DataBeak: MCP server for comprehensive CSV file operations with pandas-based tools
Project description
DataBeak
AI-Powered CSV Processing via Model Context Protocol
Transform how AI assistants work with CSV data. DataBeak provides 40+ specialized tools for data manipulation, analysis, and validation through the Model Context Protocol (MCP).
Features
- 🔄 Complete Data Operations - Load, transform, analyze, and export CSV data
- 📊 Advanced Analytics - Statistics, correlations, outlier detection, data profiling
- ✅ Data Validation - Schema validation, quality scoring, anomaly detection
- 🎯 Stateless Design - Clean MCP architecture with external context management
- ⚡ High Performance - Handles large datasets with streaming and chunking
- 🔒 Session Management - Multi-user support with isolated sessions
- 🌟 Code Quality - Zero ruff violations, 100% mypy compliance, perfect MCP documentation standards, comprehensive test coverage
Getting Started
The fastest way to use DataBeak is with uvx (no installation required):
For Claude Desktop
Add this to your MCP Settings file:
{
"mcpServers": {
"databeak": {
"command": "uvx",
"args": [
"--from",
"git+https://github.com/jonpspri/databeak.git",
"databeak"
]
}
}
}
For Other AI Clients
DataBeak works with Continue, Cline, Windsurf, and Zed. See the installation guide for specific configuration examples.
HTTP Mode (Advanced)
For HTTP-based AI clients or custom deployments:
# Run in HTTP mode
uv run databeak --transport http --host 0.0.0.0 --port 8000
# Access server at http://localhost:8000/mcp
# Health check at http://localhost:8000/health
Quick Test
Once configured, ask your AI assistant:
"Load a CSV file and show me basic statistics"
"Remove duplicate rows and export as Excel"

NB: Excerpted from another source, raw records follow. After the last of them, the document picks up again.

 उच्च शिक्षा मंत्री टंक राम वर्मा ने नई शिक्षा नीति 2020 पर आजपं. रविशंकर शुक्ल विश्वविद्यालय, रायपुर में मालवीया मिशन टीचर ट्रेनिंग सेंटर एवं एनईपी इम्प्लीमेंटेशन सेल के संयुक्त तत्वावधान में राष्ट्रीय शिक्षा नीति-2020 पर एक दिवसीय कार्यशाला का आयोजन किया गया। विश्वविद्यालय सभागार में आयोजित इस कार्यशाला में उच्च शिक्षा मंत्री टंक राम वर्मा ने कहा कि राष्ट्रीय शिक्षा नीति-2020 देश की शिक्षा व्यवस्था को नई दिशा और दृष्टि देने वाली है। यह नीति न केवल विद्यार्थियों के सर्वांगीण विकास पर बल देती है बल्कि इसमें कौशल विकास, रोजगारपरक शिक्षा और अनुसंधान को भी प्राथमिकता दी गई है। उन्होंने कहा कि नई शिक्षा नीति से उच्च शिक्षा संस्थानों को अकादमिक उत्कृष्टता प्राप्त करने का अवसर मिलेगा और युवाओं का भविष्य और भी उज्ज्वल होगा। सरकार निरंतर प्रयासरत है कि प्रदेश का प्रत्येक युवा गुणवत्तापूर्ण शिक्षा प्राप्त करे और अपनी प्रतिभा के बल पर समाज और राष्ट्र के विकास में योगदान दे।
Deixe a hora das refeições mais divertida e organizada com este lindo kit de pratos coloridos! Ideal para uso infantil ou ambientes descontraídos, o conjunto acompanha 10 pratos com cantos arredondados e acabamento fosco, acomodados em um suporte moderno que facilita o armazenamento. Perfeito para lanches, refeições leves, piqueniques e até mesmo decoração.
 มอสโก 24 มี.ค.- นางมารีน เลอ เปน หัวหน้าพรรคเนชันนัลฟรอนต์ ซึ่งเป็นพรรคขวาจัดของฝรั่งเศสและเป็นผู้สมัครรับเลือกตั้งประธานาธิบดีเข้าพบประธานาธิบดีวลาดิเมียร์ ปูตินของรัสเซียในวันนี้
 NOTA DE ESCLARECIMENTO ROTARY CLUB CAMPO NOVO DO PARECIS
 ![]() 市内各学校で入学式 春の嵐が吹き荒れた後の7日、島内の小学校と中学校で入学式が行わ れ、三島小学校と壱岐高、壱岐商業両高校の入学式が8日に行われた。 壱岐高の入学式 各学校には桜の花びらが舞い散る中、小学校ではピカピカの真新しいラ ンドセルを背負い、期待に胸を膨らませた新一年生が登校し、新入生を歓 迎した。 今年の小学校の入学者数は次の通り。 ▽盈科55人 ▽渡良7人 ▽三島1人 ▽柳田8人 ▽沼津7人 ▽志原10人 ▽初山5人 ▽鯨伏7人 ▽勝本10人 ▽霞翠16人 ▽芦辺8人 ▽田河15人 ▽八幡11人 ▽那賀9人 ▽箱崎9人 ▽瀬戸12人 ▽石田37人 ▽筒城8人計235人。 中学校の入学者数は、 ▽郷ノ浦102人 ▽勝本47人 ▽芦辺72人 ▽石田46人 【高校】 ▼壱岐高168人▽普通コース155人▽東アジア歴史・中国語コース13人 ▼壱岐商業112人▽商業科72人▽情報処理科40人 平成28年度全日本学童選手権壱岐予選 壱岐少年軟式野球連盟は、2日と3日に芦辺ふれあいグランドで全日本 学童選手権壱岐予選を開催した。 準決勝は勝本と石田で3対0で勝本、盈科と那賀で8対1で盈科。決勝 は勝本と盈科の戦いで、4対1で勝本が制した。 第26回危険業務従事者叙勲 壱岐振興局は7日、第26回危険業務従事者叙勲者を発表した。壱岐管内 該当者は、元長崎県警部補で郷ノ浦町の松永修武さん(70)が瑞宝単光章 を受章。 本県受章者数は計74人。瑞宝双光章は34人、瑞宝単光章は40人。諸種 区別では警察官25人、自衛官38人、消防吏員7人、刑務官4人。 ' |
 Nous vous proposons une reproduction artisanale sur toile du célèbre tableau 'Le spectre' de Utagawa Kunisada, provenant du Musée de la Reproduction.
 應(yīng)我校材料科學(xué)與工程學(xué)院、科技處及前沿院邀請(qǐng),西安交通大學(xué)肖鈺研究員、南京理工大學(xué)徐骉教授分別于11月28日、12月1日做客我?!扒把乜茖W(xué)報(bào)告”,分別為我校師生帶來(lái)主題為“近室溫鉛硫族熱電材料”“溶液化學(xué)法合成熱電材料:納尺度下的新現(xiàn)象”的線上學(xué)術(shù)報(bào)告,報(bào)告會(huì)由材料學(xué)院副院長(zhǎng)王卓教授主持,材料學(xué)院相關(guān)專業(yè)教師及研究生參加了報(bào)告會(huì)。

"Find outliers in the price column"
Documentation
- Installation Guide - Setup for all AI clients
- Quick Start Tutorial - Learn in 10 minutes
- API Reference - All 40+ tools documented
- Architecture - Technical details
Environment Variables
| Variable | Default | Description |
|---|---|---|
DATABEAK_MAX_FILE_SIZE_MB |
1024 | Maximum file size |
DATABEAK_CSV_HISTORY_DIR |
"." | History storage location |
DATABEAK_SESSION_TIMEOUT |
3600 | Session timeout (seconds) |
Known Limitations
DataBeak is designed for interactive CSV processing with AI assistants. Be aware of these constraints:
- File Size: Maximum 1024MB per file (configurable via
DATABEAK_MAX_FILE_SIZE_MB) - Session Management: Maximum 100 concurrent sessions, 1-hour timeout (configurable)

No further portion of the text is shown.